The Most Important Lesson I’ve Learned About Being Positive
And it was taught to me by something my friend’s grandmother said to me after her terminal cancer diagnosis
My friend’s grandmother getting a terminal cancer diagnosis taught me the most important lesson I’ve ever learned about being positive: it truly is a way of thinking.
Bad things happen, everyone knows that, they are an inevitability, not only because it is the bad things that happen that we use as a barometer by which to define the good things, but because literally it is an inevitability specifically because bad things just happen. They do. No matter how hard we work to try to stop bad things from happening, bad things will still happen.
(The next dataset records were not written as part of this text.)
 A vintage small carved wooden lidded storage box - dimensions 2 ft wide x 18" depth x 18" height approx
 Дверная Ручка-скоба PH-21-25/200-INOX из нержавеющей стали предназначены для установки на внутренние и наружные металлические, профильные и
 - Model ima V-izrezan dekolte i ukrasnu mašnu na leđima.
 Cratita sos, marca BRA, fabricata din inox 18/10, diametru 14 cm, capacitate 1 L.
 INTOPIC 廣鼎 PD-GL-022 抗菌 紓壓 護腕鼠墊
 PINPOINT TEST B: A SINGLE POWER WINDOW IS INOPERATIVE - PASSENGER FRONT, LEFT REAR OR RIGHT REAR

This is why being positive truly is a way of thinking, because bad things will always happen, accidents will happen, people will get diagnosed with cancer, some the terminal form; people we love will die, some way before their time. People we love will lose their jobs. We may lose our jobs. We may get diagnosed with terminal cancer. Shit just happens.
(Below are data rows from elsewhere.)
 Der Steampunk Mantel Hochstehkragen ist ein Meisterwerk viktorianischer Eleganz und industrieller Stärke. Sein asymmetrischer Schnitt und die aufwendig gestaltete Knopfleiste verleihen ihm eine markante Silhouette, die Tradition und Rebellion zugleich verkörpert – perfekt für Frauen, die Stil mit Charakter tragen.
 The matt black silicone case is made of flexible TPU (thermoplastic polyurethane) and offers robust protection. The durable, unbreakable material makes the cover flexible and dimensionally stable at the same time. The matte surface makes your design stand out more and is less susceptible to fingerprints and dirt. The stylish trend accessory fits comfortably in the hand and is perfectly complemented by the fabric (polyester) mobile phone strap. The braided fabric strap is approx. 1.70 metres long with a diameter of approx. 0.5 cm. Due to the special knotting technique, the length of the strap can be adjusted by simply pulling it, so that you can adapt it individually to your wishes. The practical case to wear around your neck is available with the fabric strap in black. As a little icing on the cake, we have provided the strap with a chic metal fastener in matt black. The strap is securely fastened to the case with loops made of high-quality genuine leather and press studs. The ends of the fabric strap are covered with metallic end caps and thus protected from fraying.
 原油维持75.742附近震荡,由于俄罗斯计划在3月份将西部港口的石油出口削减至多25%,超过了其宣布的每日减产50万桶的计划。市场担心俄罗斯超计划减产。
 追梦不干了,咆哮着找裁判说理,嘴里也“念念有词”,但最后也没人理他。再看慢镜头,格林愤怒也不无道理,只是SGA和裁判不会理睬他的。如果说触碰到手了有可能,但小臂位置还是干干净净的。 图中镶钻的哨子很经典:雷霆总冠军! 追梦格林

This reality made me realise that trying to completely avoid negativity is a lost cause, a pointless cause, in fact it is virtually a waste of effort.
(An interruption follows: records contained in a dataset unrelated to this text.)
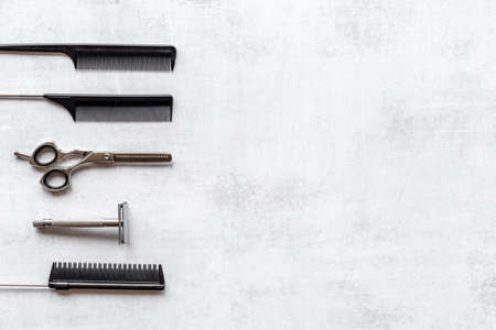Professional tools for a barber shop on a gray background. Top view. Space for text
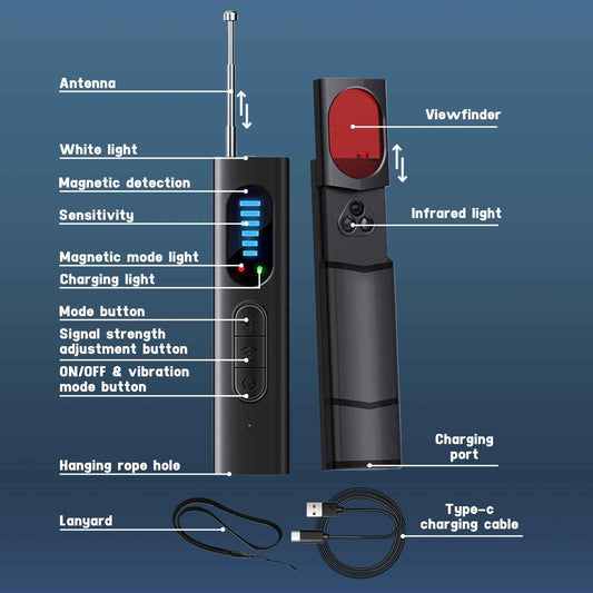 Hidden Camera Detectors, Camera Detector Bug Spy Camera Finder, Infrared RF GPS Tracker Listening Devices Anti-Spy Detector with Viewfinder, 5 Modes 5 Levels Sensitivity for Travel Hotel Airbnb Office
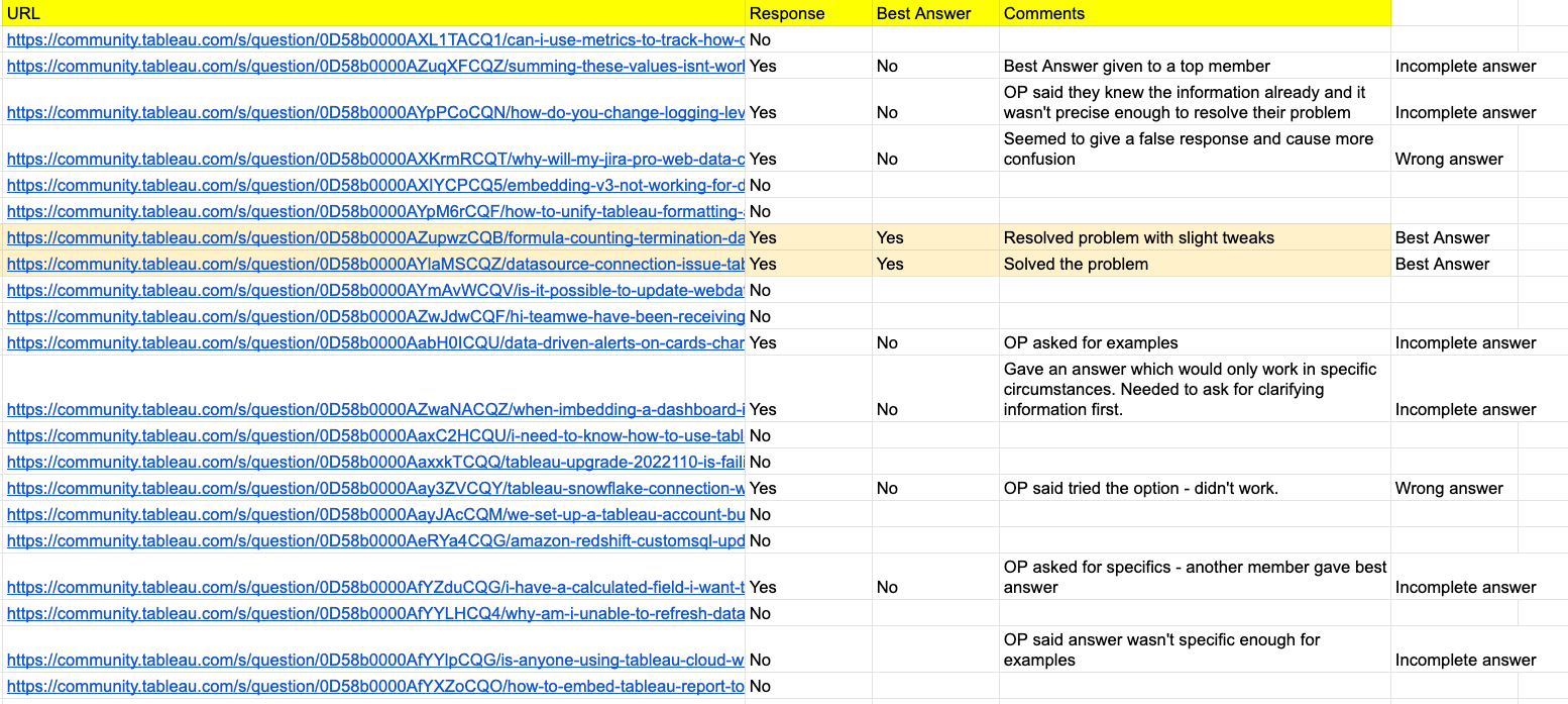 For this test, we found 20 unanswered questions in the Tableau community over several weeks.

This does not mean that you should not try to avoid it, you absolutely should, and there are many forms of negativity you can avoid, for example, a person who is critical of you, you can avoid that person and you should do, in fact, you should kick that person from your life if they are being critical of you all the time.
But a terminal cancer diagnosis, which is a pretty big negative, there is nothing you can do to avoid that. And in my view understanding that fact, that no matter how hard you try to avoid them negative happenings are an inevitability of life, is a massively important lesson to learn if you are to live a happy life, because only by understanding it can you learn that positive ones are also an inevitability, but only if you make them as such.
I just wish to repeat that for emphasis: negativity is an inevitability, you can limit it but not stop it, positivity on the other hand is not an inevitability. Unless you make it as such.
This is why being positive is a way of thinking because you have to think it into being, think positivity into being. You have to literally create positivity otherwise it won’t exist.
And if you don’t create it can never exist, but once you realise that you do have to create it and start trying to create it, you will make it exist. You have that power, to create positivity, and no matter how bad the situation may be, should you choose to, you have the power to derive positives from it.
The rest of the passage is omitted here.